**Task description**
Reproduce every entry below precisely; do not include the pictures.

**Records provided**
#####

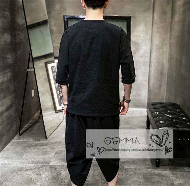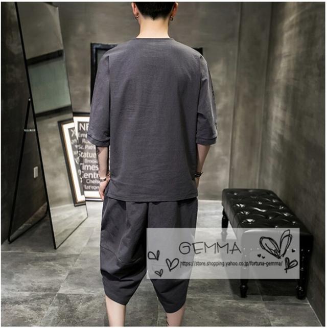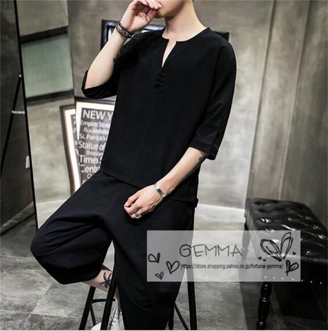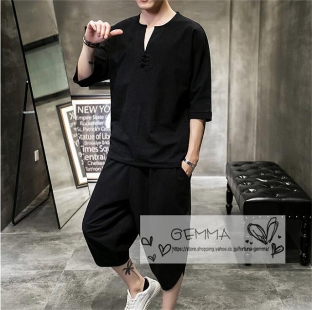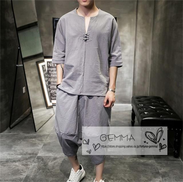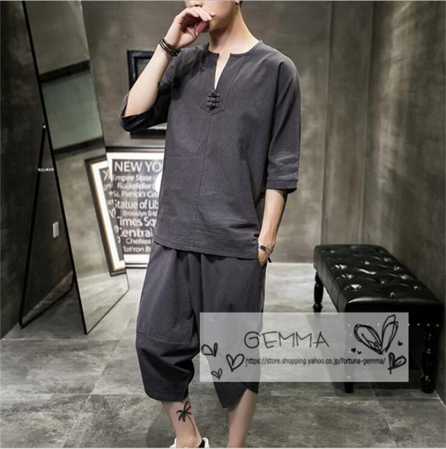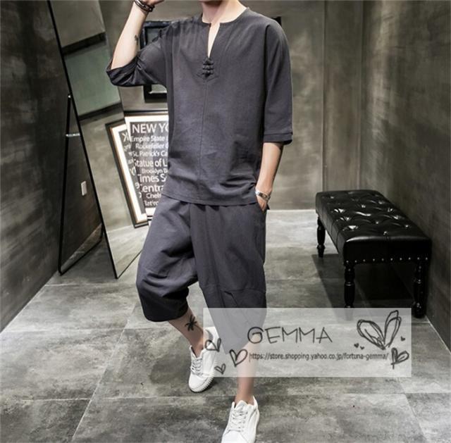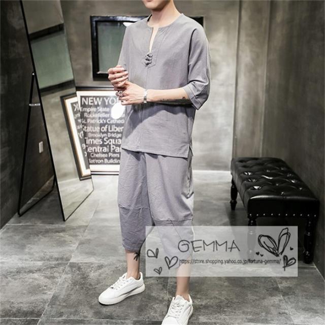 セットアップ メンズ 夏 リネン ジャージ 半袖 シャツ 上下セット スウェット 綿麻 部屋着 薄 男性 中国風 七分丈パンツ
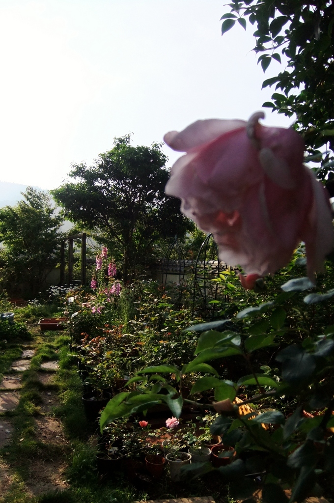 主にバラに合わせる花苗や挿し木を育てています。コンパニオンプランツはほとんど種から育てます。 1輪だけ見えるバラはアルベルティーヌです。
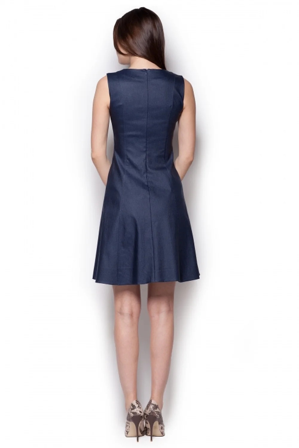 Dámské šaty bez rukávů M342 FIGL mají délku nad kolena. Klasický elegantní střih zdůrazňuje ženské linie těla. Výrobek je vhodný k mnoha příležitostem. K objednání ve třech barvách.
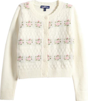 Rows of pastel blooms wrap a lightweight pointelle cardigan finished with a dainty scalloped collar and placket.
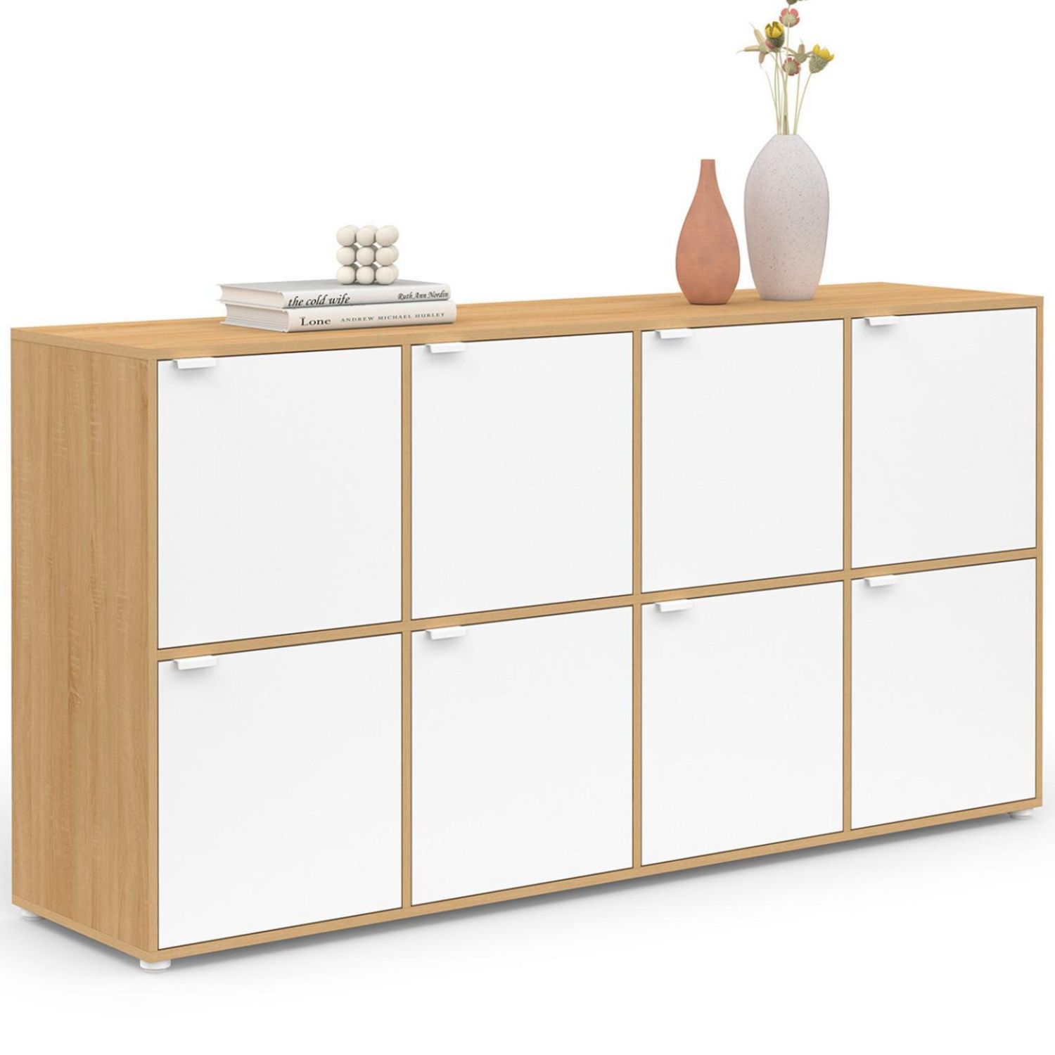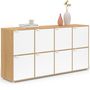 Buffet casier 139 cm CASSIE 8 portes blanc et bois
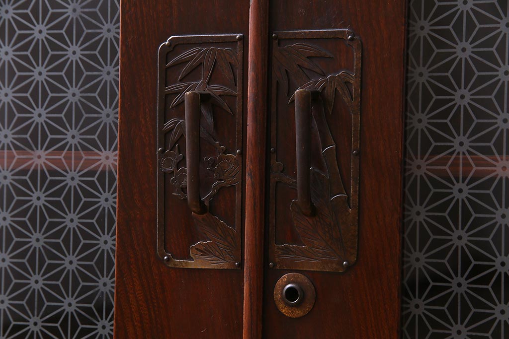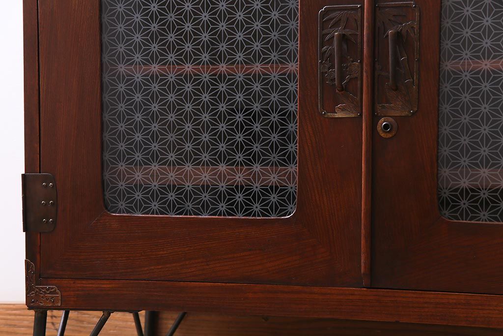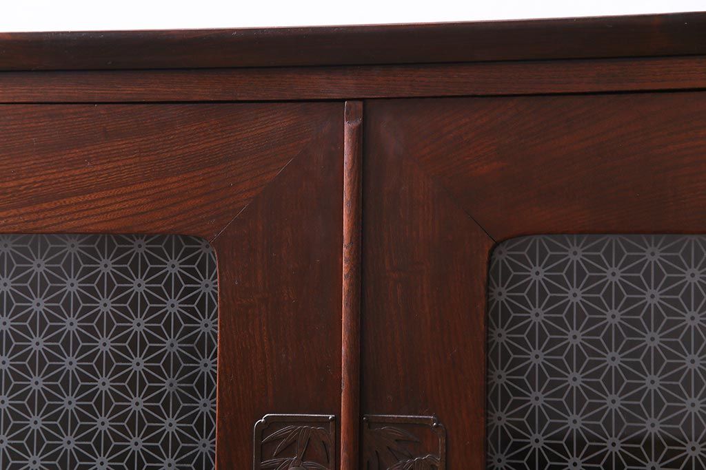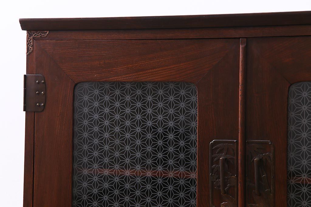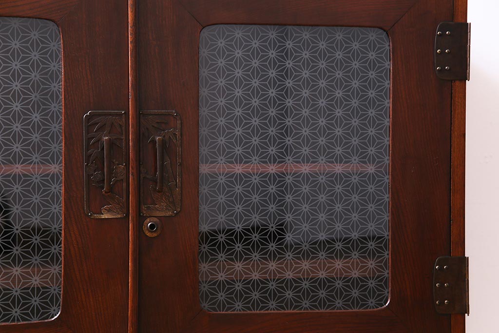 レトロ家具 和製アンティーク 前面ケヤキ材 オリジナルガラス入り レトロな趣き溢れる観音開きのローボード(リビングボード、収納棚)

#####

**Exercise answer**
 セットアップ メンズ 夏 リネン ジャージ 半袖 シャツ 上下セット スウェット 綿麻 部屋着 薄 男性 中国風 七分丈パンツ
 主にバラに合わせる花苗や挿し木を育てています。コンパニオンプランツはほとんど種から育てます。 1輪だけ見えるバラはアルベルティーヌです。
 Dámské šaty bez rukávů M342 FIGL mají délku nad kolena. Klasický elegantní střih zdůrazňuje ženské linie těla. Výrobek je vhodný k mnoha příležitostem. K objednání ve třech barvách.
 Rows of pastel blooms wrap a lightweight pointelle cardigan finished with a dainty scalloped collar and placket.
 Buffet casier 139 cm CASSIE 8 portes blanc et bois
 レトロ家具 和製アンティーク 前面ケヤキ材 オリジナルガラス入り レトロな趣き溢れる観音開きのローボード(リビングボード、収納棚)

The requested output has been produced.